Wha-What?! Arizona?! They do know you have to pay tax if you're in this country right?

Guest said:

Is there a law that forces journalists to use slang words instead of a traditional language? I mean, the author has written "eyeballing" twice within several phrases. Why not write "Apple might be considering using this technology in other devices"? Why does it have to be "eyeballing" - it's not even proper English. Eyeballing is "staring or looking at something closely". It _could_ work if it would be "Apple is looking closely at a possibility of using the technology...", but staring at technology makes no sense at all. I wish authors would realise that people come to this site to actually read the news, and not praise the ability of copywriters to jargon-juggle.

Guest said:

If memory servers me right, apple tried this before with my lovely state but didnt go through since apple wanted a severely tax cut (next to nothing) to operate. Guess money talks and tax walks...

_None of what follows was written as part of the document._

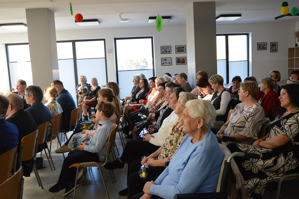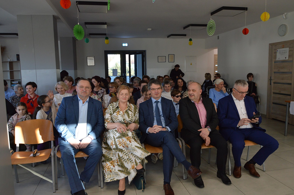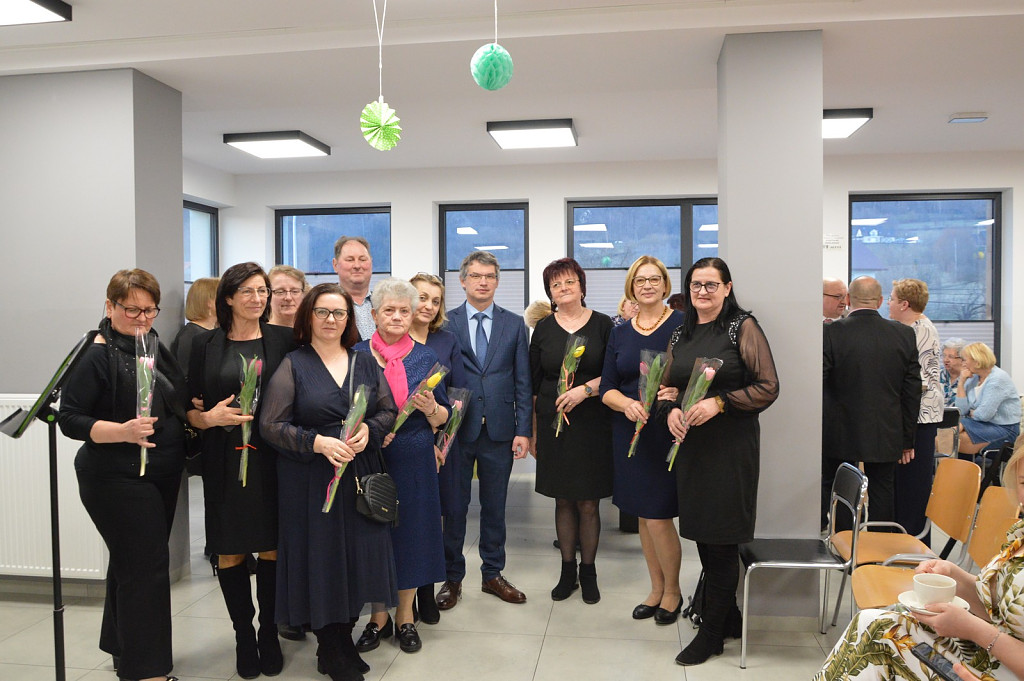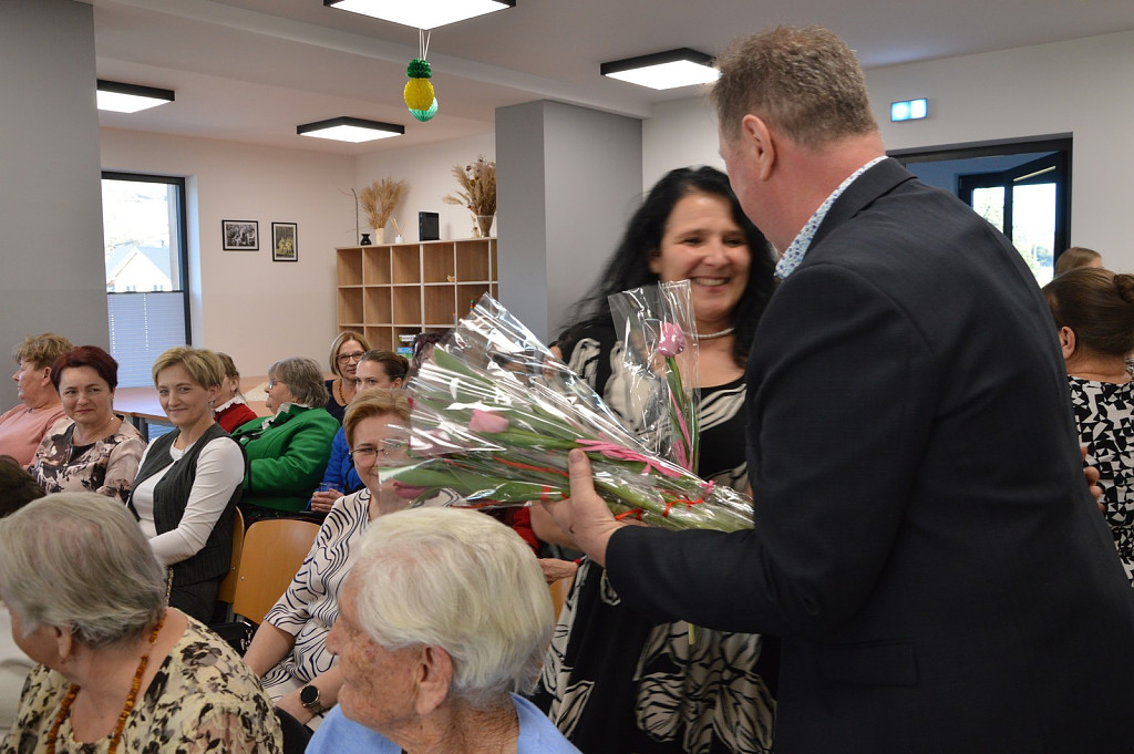 Spotkanie rozpoczęła kierownik biblioteki a nastęnie dzieci uczęszczające na zajęcia świetlicowe: Oliwia Mroczek-Kurzawa i Mateusz Ryś, prezentując wierszowaną scenką poświęconą kobietom. Przybyłych przywitał i złożył życzenia wójt Paweł Ptaszek oraz radni: Zbigniew Hojnor i Marek Twaróg. Do życzeń przyłączyli się radni powiatowi Czesław Kawalec i Leszek Król, dedykując wszystkim kobitom - śpiewająco „sto lat”. Kolejny elementem było wręczenie przez gospodarza i radnych symbolicznych tulipanów oraz słodyczy wszystkim paniom.

davislane1 davislane1 said:

Is there a law that forces journalists to use slang words instead of a traditional language? I mean, the author has written "eyeballing" twice within several phrases. Why not write "Apple might be considering using this technology in other devices"? Why does it have to be "eyeballing" - it's not even proper English. Eyeballing is "staring or looking at something closely". It _could_ work if it would be "Apple is looking closely at a possibility of using the technology...", but staring at technology makes no sense at all. I wish authors would realise that people come to this site to actually read the news, and not praise the ability of copywriters to jargon-juggle.

Get back in your zeppelin and fly away.